*** Opening Exercise materials ***

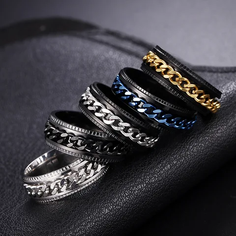 Rotate Rotating Anxiety Fidget rings Titanium Stainless Steel Chain Spinner Finger Ring For Men Blue Gold Color Black Punk Rock
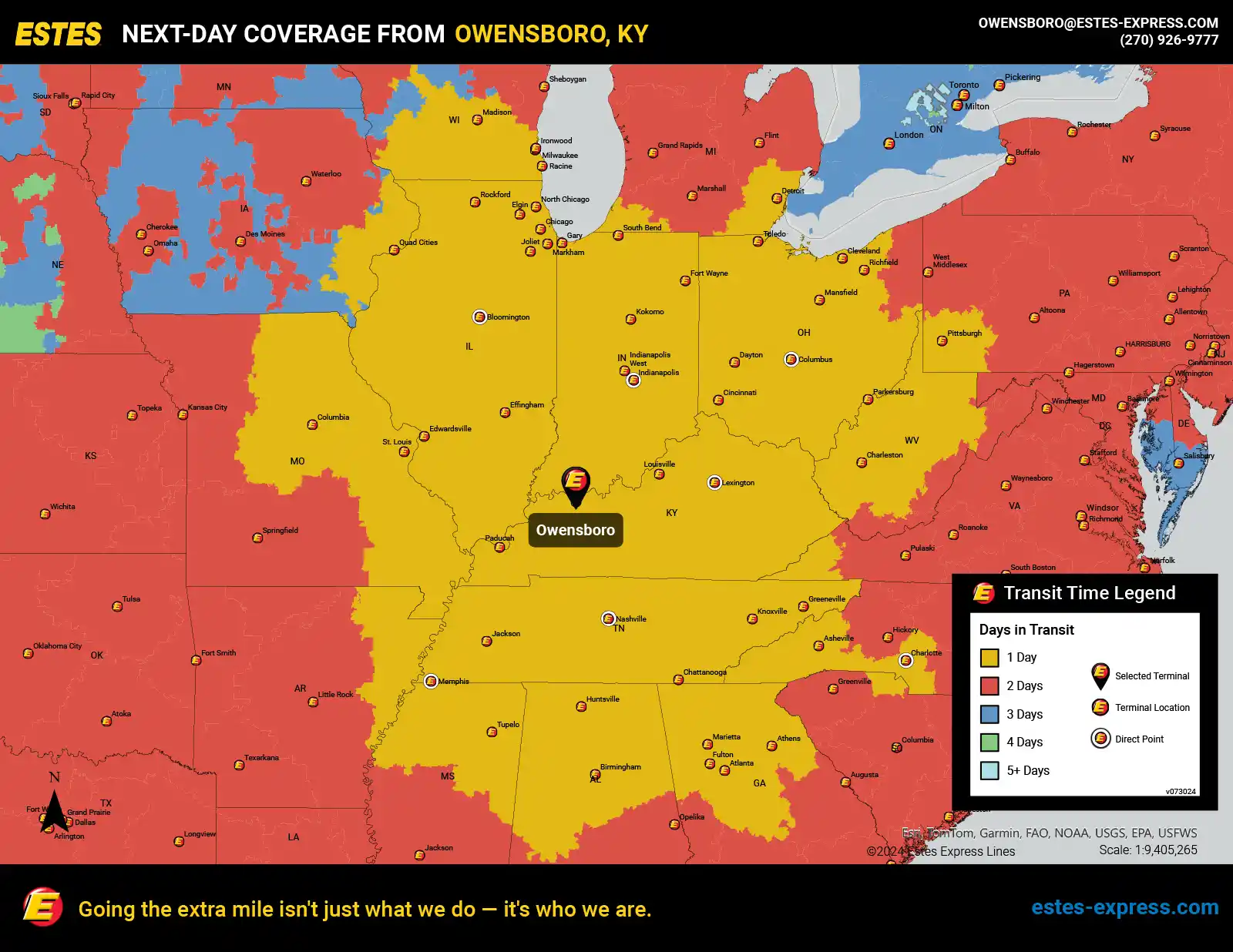 Estes offers next-day LTL freight shipping from the Evansville-Owensboro area to Chicago, Atlanta, Indianapolis, Charlotte, Nashville, Detroit, Milwaukee, Cleveland, Cincinnati, Memphis, Pittsburgh, Columbus, St. Louis, Louisville, Lexington—and more.
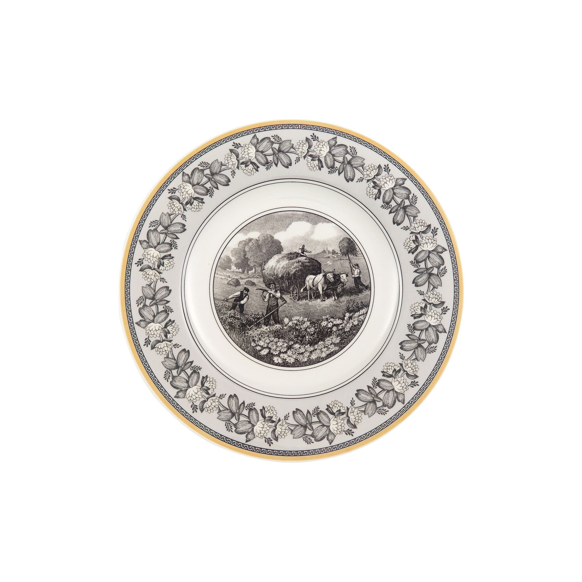 This flat plate forms part of Villeroy Bochs country style pattern Audun Ferme. With this pattern Villeroy Boch exquisitely bridges past, present and future inspired by copper engraved designs from the turn of the last century. Pastoral scenes in black and white have been freshened up by a creamy yellow accent border and other graphic ornamentations. 4 patterns together yield a strong fashion statement to dress up your table or hang decorative plates on the wall. The 4 ranges are: Femme, Promenade, Fleur and Chase. Audun is a small village in what is now the Lorraine Provence of France and was the first pottery set up by the Boch members of the family.
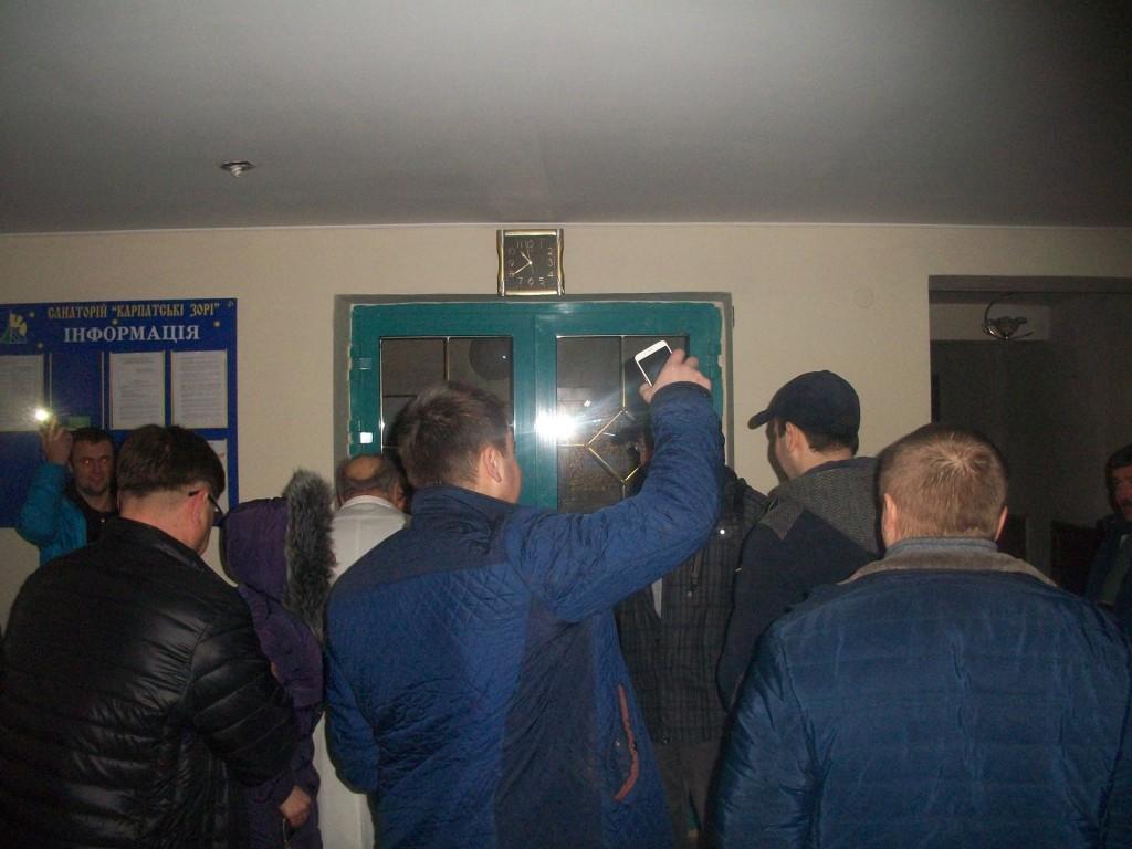 Пройшло сорок днів. 13 березня колона машин з Трускавця виїжджає в «Карпатські зорі». З автівок виходять депутати Трускавецької міської ради Андрій Кісак та Роман Бучкович, голова ГО «Трускавець-Автомайдан» Олександр Богуцький, журналісти «24 каналу», ЗІКу, «Трускавецького вісника», «Джерел Трускавця», «Truskavets Today». На годиннику біля 10.30, а в санаторії – нікого з адміністрації, нікого з персоналу окрім масажиста. Заходячи в приміщення, відчуваєш сирість та холоднечу. Освітлення відсутнє. Виявляється, за ці 13 днів березня 5 днів електропостачання не було взагалі – 3 дні минулого тижня і 2 дні тепер.
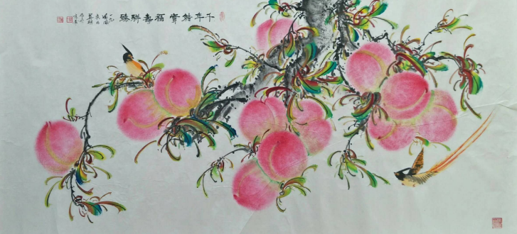 近些年来油画的超写实主义画派可谓在油画历史长河中的新高度,各个国家的代表人物之作品无不价格斐然。比如中国的冷军老师,作品可谓天价。在中国画发展历程中,岭南画派“折衷中西、融会古今”的技法口号成为中国画发展中大胆的尝试,大胆融会传统绘画,又借鉴日本画、西洋画,重视透视和立体感,设色大胆等表现手法。或许可能成为把中国画带到一个新高度的画派。代表名家有徐悲鸿、张大千、傅抱石等。因此在此刻将西洋画元素融入中国画作品里,不算为创举。但是将超写实主义画派的理念、岭南画派的融合精神、当今社会文化中缺失的孝道和睦集大成聚焦在一幅作品之中,发出强有力的震撼佳作就是崔真硕先生的中国寿桃画作品。

*** Closing Exercise materials ***

__Problem statement__:
Retype each line above precisely, please. Skip anything that is a picture.

__Solution__:
 Rotate Rotating Anxiety Fidget rings Titanium Stainless Steel Chain Spinner Finger Ring For Men Blue Gold Color Black Punk Rock
 Estes offers next-day LTL freight shipping from the Evansville-Owensboro area to Chicago, Atlanta, Indianapolis, Charlotte, Nashville, Detroit, Milwaukee, Cleveland, Cincinnati, Memphis, Pittsburgh, Columbus, St. Louis, Louisville, Lexington—and more.
 This flat plate forms part of Villeroy Bochs country style pattern Audun Ferme. With this pattern Villeroy Boch exquisitely bridges past, present and future inspired by copper engraved designs from the turn of the last century. Pastoral scenes in black and white have been freshened up by a creamy yellow accent border and other graphic ornamentations. 4 patterns together yield a strong fashion statement to dress up your table or hang decorative plates on the wall. The 4 ranges are: Femme, Promenade, Fleur and Chase. Audun is a small village in what is now the Lorraine Provence of France and was the first pottery set up by the Boch members of the family.
 Пройшло сорок днів. 13 березня колона машин з Трускавця виїжджає в «Карпатські зорі». З автівок виходять депутати Трускавецької міської ради Андрій Кісак та Роман Бучкович, голова ГО «Трускавець-Автомайдан» Олександр Богуцький, журналісти «24 каналу», ЗІКу, «Трускавецького вісника», «Джерел Трускавця», «Truskavets Today». На годиннику біля 10.30, а в санаторії – нікого з адміністрації, нікого з персоналу окрім масажиста. Заходячи в приміщення, відчуваєш сирість та холоднечу. Освітлення відсутнє. Виявляється, за ці 13 днів березня 5 днів електропостачання не було взагалі – 3 дні минулого тижня і 2 дні тепер.
 近些年来油画的超写实主义画派可谓在油画历史长河中的新高度,各个国家的代表人物之作品无不价格斐然。比如中国的冷军老师,作品可谓天价。在中国画发展历程中,岭南画派“折衷中西、融会古今”的技法口号成为中国画发展中大胆的尝试,大胆融会传统绘画,又借鉴日本画、西洋画,重视透视和立体感,设色大胆等表现手法。或许可能成为把中国画带到一个新高度的画派。代表名家有徐悲鸿、张大千、傅抱石等。因此在此刻将西洋画元素融入中国画作品里,不算为创举。但是将超写实主义画派的理念、岭南画派的融合精神、当今社会文化中缺失的孝道和睦集大成聚焦在一幅作品之中,发出强有力的震撼佳作就是崔真硕先生的中国寿桃画作品。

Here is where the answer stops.